-- DIRECTIONS --
Repeat each entry exactly; omit all pictures.
== Segment start ==
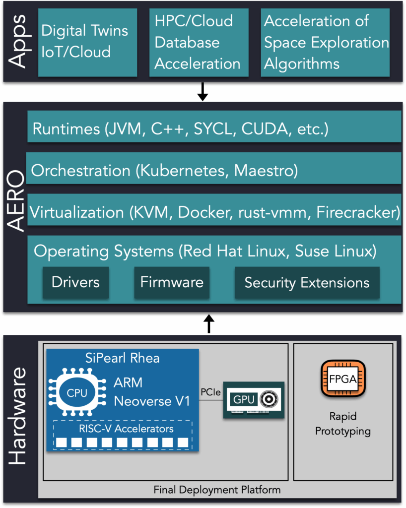 The AERO software ecosystem spans the full cloud computing stack. It includes operating systems, compilers, runtimes, system software, and auxiliary deployment and management services. These components are enhanced with novel software–hardware interfaces designed to seamlessly exploit the heterogeneous nature of the EU processor. This approach allows cloud workloads to benefit from high performance, improved energy efficiency, and built-in security features, while remaining compatible with established cloud development and deployment practices. A strong emphasis is placed on open-source development, ensuring transparency, interoperability, and long-term sustainability. By contributing improvements upstream and building on widely adopted technologies, AERO lowers barriers for developers, cloud providers, and industrial users who wish to experiment with or migrate to EU-based cloud infrastructures. This openness is key to fostering a vibrant European ecosystem around the EU processor, extending well beyond the project’s lifetime. AERO also focuses on ease of migration for existing cloud customers. One of its core objectives is to enable organizations to transition their workloads to EU processor-based infrastructures with minimal effort, avoiding costly rewrites or vendor lock-in. By aligning with common cloud frameworks, virtualization technologies and orchestration tools, the project ensures that familiar workflows can be retained while benefiting from EU hardware innovation.
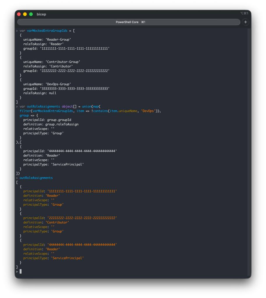 The purpose of the example below is to produce an output that fits the role assignment format used by the Azure Verified Module (sub-vending module). First, the array varMockedEntraGroupIds (containing mock data) is declared in the console and represents the data used in a parameter of a Bicep template. The variable outRoleAssignments is the output of the Bicep template. This is where the lambda expressions are applied to create the exact role assignment pattern the AVM module expects. Assigning outRoleAssignments to a variable is optional, you can also use the right-hand value directly.
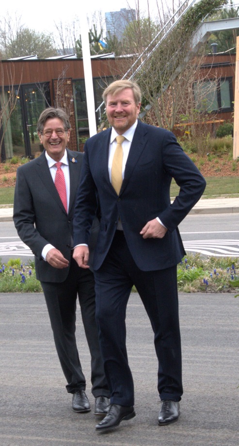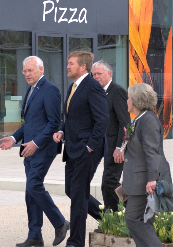 Il re del regno dei Paesi Bassi Willem Alexander all’apertura di Floriade 2022 ad Almere, accanto a lui il sindaco della città, Ank Bijleveld-Schouten. Foto Maria Cristina Giongo
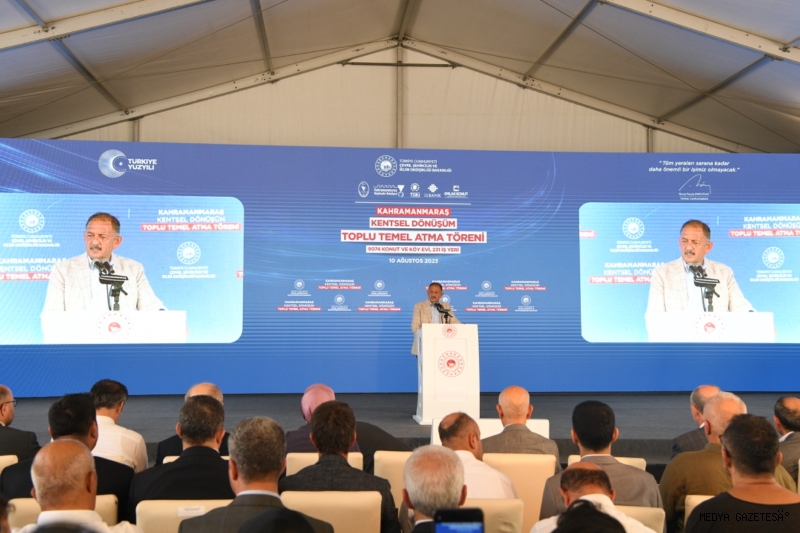 Çevre, Şehircilik ve İklim Değişikliği Bakanı Mehmet Özhaseki, “Depremin ilk anında Sayın Cumhurbaşkanımız deprem bölgesine bakanlarımızı, valilerimizi görevlendirdi. Ülkemizin dört bir yanından belediyelerimizi bölgeye yardım için sevk ettik. Bütün Türkiye ayaktaydı. Depremzede kardeşlerimizin yardımına el birliğiyle koştuk. Yaklaşık 1 milyon 905 bin kardeşimiz şu an evlerinden uzakta. 80 bine yakın kardeşimiz yurtlarımızda, sosyal tesislerimizde kalıyor. 470 bin civarında kardeşimiz de konteynerkentlerde yaşıyor. 320 bin ailemize kira yardımında bulunuyoruz. Bakanlık ve hükümet olarak hedefimiz deprem bölgesinde kalıcı konutları kısa sürede inşa ederek kardeşlerimizi evlerine kavuşturmak. 180 bin konutun ihalesini yaptık, inşaatlar devam ediyor” diye konuştu.Yerinde Dönüşüm Desteği
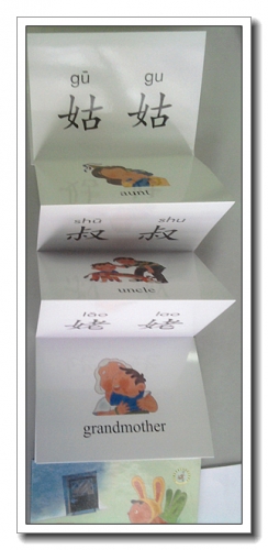 4.书的背面是认知卡片,有故事中出现的家人的图片,对应着汉字,拼音,以及英语,英语的爸爸妈妈还列出了简称。
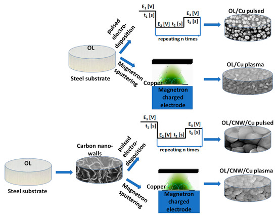 Considering improved mechanical properties (wear resistance, Vickers hardness) and improved electrical properties obtained in the case of carbon nanostructures/copper coatings described in the literature [28,33,34,35], the purpose of this study was to use CNW as an intermediate layer for the copper deposition on steel surface and to assess their influence on coating properties. Such structure may find application in various domains, for example, improvements of the mechanical properties of the fragile CNW layers by their reinforcement [40], obtaining a low friction coefficient and less wear surfaces [41], and improvement of heat transfer, allowing superior thermal dissipation.
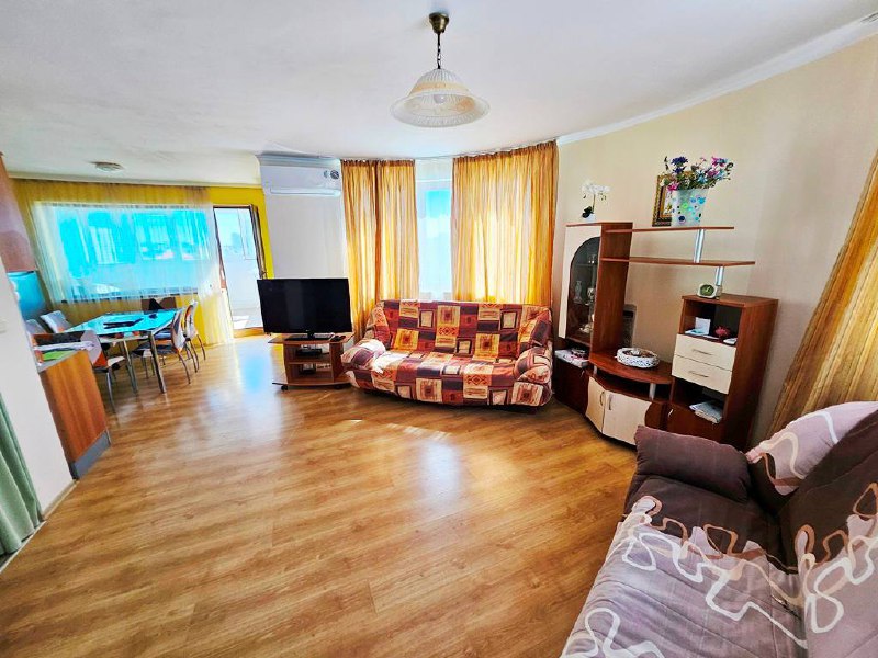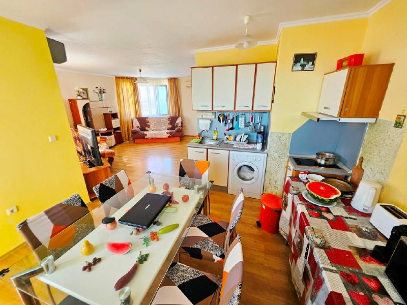 Светлая, просторная квартира с видом на бассейн в ухоженном комплексе — идеальный вариант для тех, кто ищет комфортное жильё у моря на Солнечном берегу.
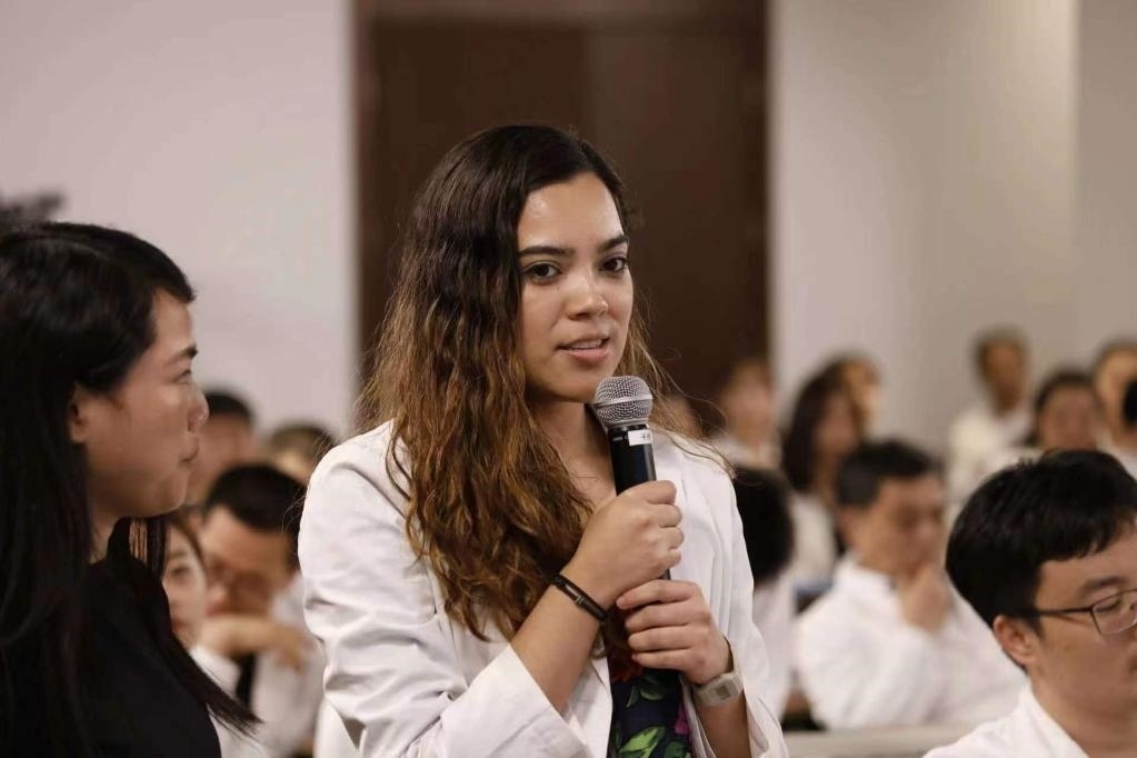 嘉賓體驗(yàn)中國(guó)書法書寫過(guò)程 (新華社記者王艷剛攝)
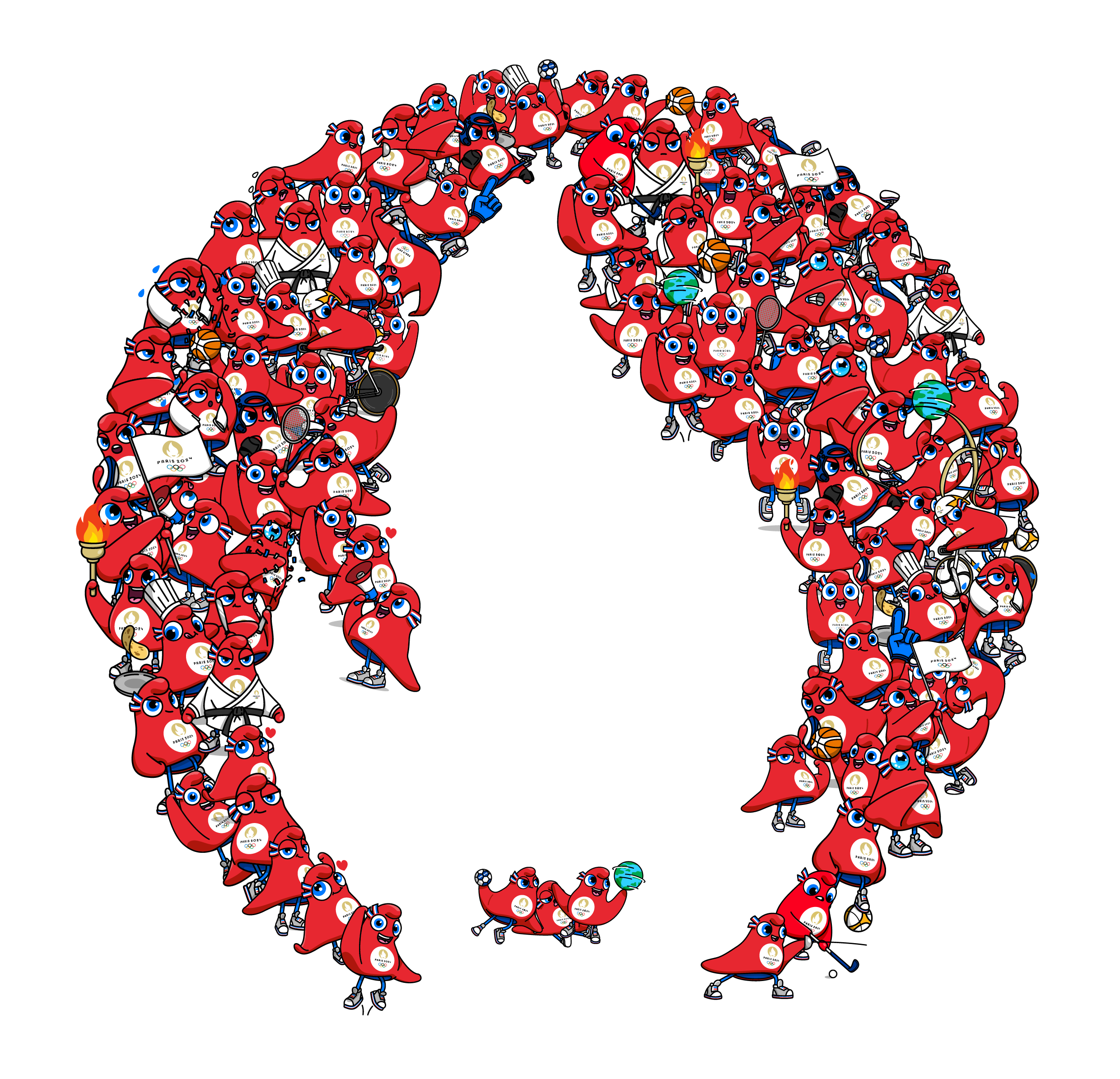 Recherches créatives, designs créés pour le brandbook de la Mascotte, ainsi que pour le styleguide (livre d’inspiration de design pour les licenciés Paris 2024).
== Segment end ==
-- EXERCISE OUTPUT --
 The AERO software ecosystem spans the full cloud computing stack. It includes operating systems, compilers, runtimes, system software, and auxiliary deployment and management services. These components are enhanced with novel software–hardware interfaces designed to seamlessly exploit the heterogeneous nature of the EU processor. This approach allows cloud workloads to benefit from high performance, improved energy efficiency, and built-in security features, while remaining compatible with established cloud development and deployment practices. A strong emphasis is placed on open-source development, ensuring transparency, interoperability, and long-term sustainability. By contributing improvements upstream and building on widely adopted technologies, AERO lowers barriers for developers, cloud providers, and industrial users who wish to experiment with or migrate to EU-based cloud infrastructures. This openness is key to fostering a vibrant European ecosystem around the EU processor, extending well beyond the project’s lifetime. AERO also focuses on ease of migration for existing cloud customers. One of its core objectives is to enable organizations to transition their workloads to EU processor-based infrastructures with minimal effort, avoiding costly rewrites or vendor lock-in. By aligning with common cloud frameworks, virtualization technologies and orchestration tools, the project ensures that familiar workflows can be retained while benefiting from EU hardware innovation.
 The purpose of the example below is to produce an output that fits the role assignment format used by the Azure Verified Module (sub-vending module). First, the array varMockedEntraGroupIds (containing mock data) is declared in the console and represents the data used in a parameter of a Bicep template. The variable outRoleAssignments is the output of the Bicep template. This is where the lambda expressions are applied to create the exact role assignment pattern the AVM module expects. Assigning outRoleAssignments to a variable is optional, you can also use the right-hand value directly.
 Il re del regno dei Paesi Bassi Willem Alexander all’apertura di Floriade 2022 ad Almere, accanto a lui il sindaco della città, Ank Bijleveld-Schouten. Foto Maria Cristina Giongo
 Çevre, Şehircilik ve İklim Değişikliği Bakanı Mehmet Özhaseki, “Depremin ilk anında Sayın Cumhurbaşkanımız deprem bölgesine bakanlarımızı, valilerimizi görevlendirdi. Ülkemizin dört bir yanından belediyelerimizi bölgeye yardım için sevk ettik. Bütün Türkiye ayaktaydı. Depremzede kardeşlerimizin yardımına el birliğiyle koştuk. Yaklaşık 1 milyon 905 bin kardeşimiz şu an evlerinden uzakta. 80 bine yakın kardeşimiz yurtlarımızda, sosyal tesislerimizde kalıyor. 470 bin civarında kardeşimiz de konteynerkentlerde yaşıyor. 320 bin ailemize kira yardımında bulunuyoruz. Bakanlık ve hükümet olarak hedefimiz deprem bölgesinde kalıcı konutları kısa sürede inşa ederek kardeşlerimizi evlerine kavuşturmak. 180 bin konutun ihalesini yaptık, inşaatlar devam ediyor” diye konuştu.Yerinde Dönüşüm Desteği
 4.书的背面是认知卡片,有故事中出现的家人的图片,对应着汉字,拼音,以及英语,英语的爸爸妈妈还列出了简称。
 Considering improved mechanical properties (wear resistance, Vickers hardness) and improved electrical properties obtained in the case of carbon nanostructures/copper coatings described in the literature [28,33,34,35], the purpose of this study was to use CNW as an intermediate layer for the copper deposition on steel surface and to assess their influence on coating properties. Such structure may find application in various domains, for example, improvements of the mechanical properties of the fragile CNW layers by their reinforcement [40], obtaining a low friction coefficient and less wear surfaces [41], and improvement of heat transfer, allowing superior thermal dissipation.
 Светлая, просторная квартира с видом на бассейн в ухоженном комплексе — идеальный вариант для тех, кто ищет комфортное жильё у моря на Солнечном берегу.
 嘉賓體驗(yàn)中國(guó)書法書寫過(guò)程 (新華社記者王艷剛攝)
 Recherches créatives, designs créés pour le brandbook de la Mascotte, ainsi que pour le styleguide (livre d’inspiration de design pour les licenciés Paris 2024).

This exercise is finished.